И тут она проснулась.
В левом боку, чуть пониже сердца, саднило и кололо. Она провела рукой по этому месту и нащупала какой-то длинный предмет, похожий на напильник.
Господи, и зачем только положила под подушку эту заточку? Всё опасается воров! Вот залезет середь ночи злоумышленник, чтоб её дом обчистить, знают, поди: баба одинокая, защиты нет, муж сбежал к Светочке — разлучнице, так что можно без опаски разбой учинить, — а нате-ка, выкусите, ворюги подлые: у хозяйки в руках — заточка, а под кроватью, между прочим, топор лежит.
Приснилось, значит. Жуть, какой нехороший сон! И кровь ведь была. Это к чему-то недоброму. Надо в соннике поглядеть. Но вставать не хотелось: под верблюжьим одеялом — тепло и уютно, а в доме за ночь выстыло, да и будильник прозвенит только через полчаса: ещё можно подремать.
Люба перевернулась на другой бок, закрыла глаза, но страшный сон никак не шёл из головы.
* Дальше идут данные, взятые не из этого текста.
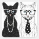 Este diseño presenta un gato negro de sexo femenino vestido con collar de perlas y un gato blanco de sexo masculino vestido con corbata de puntos.
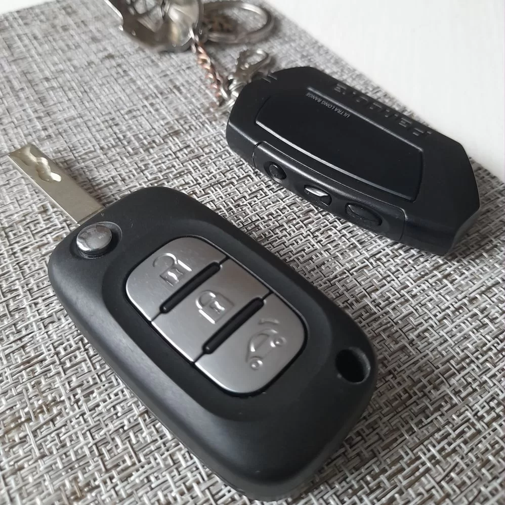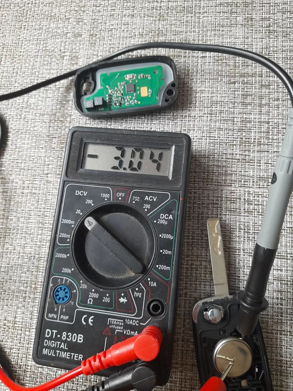 Дома сначала попробовал открывать-закрывать центральный замок (сигнализацию) с помощью запасного штатного ключа (брелка), машина реагировала — всё как положено (открывалась и закрывалась). Короче, я к хренам, разобрал оба эти свои штатные брелки (ну или брелоки, я х.з. как правильно))) и мультиметром замерил напряжение батареек.

И привидится же такое: сцены будто из фильма ужасов, и Санька — такой злобный, страшный, на упыря похожий, брр!
Она открыла глаза и посмотрела на окно, закрытое цветастыми шторами: из узкого проёма просачивался унылый серый свет, одиноко торчал длинный и узкий лист «щучьего хвоста», опутанный лентой серпантина — всё, что осталось от Новогоднего праздника.
Ёлку Люба не ставила: во-первых, это нынче дорогое удовольствие тридцать пять рублей, а во-вторых — для кого её ставить-то? Веничка в армии служит, Валечка — в городе замужем живёт, большие дети-то, у самих уже, наверное, скоро приплод пойдёт, вот уж тогда для внуков и будет ставить ёлку, а для самой себя — что, ей денег девать некуда?
Любе хватило и трёх пихтовых веток: поставила их в вазу, которую Саня, помнится, на тридцатилетие подарил, украсила их комками ваты, навесила игрушек, обвила серпантином — ах, какой красивый букет получился, и, главное, сразу запахло тайгой.
Полоска серпантина, оставшаяся на «щучьем хвосте», извивалась змейкой, словно кто-то на неё дул. Неужели форточка приоткрылась? «Этого ещё не хватало, — подумала Люба. — Топишь-топишь эту махину, столько угля в печку вбухиваешь, а стены, того и гляди, насквозь промёрзнут. Защёлка, что ли, у форточки отошла?»
Как ни хотелось, а пришлось встать.
Пол ожег пятки холодом, и Люба, поёживаясь, добежала до окна на цыпочках. «Как балерина! — усмехнулась она. — На пуантах! Вот, блин, им бы, этим примам, в моей шкуре оказаться, а? Чтоб — и баба, и мужик, да и лошадь, да и бык! Наверное, и не подозревают, как живут простые бабы…»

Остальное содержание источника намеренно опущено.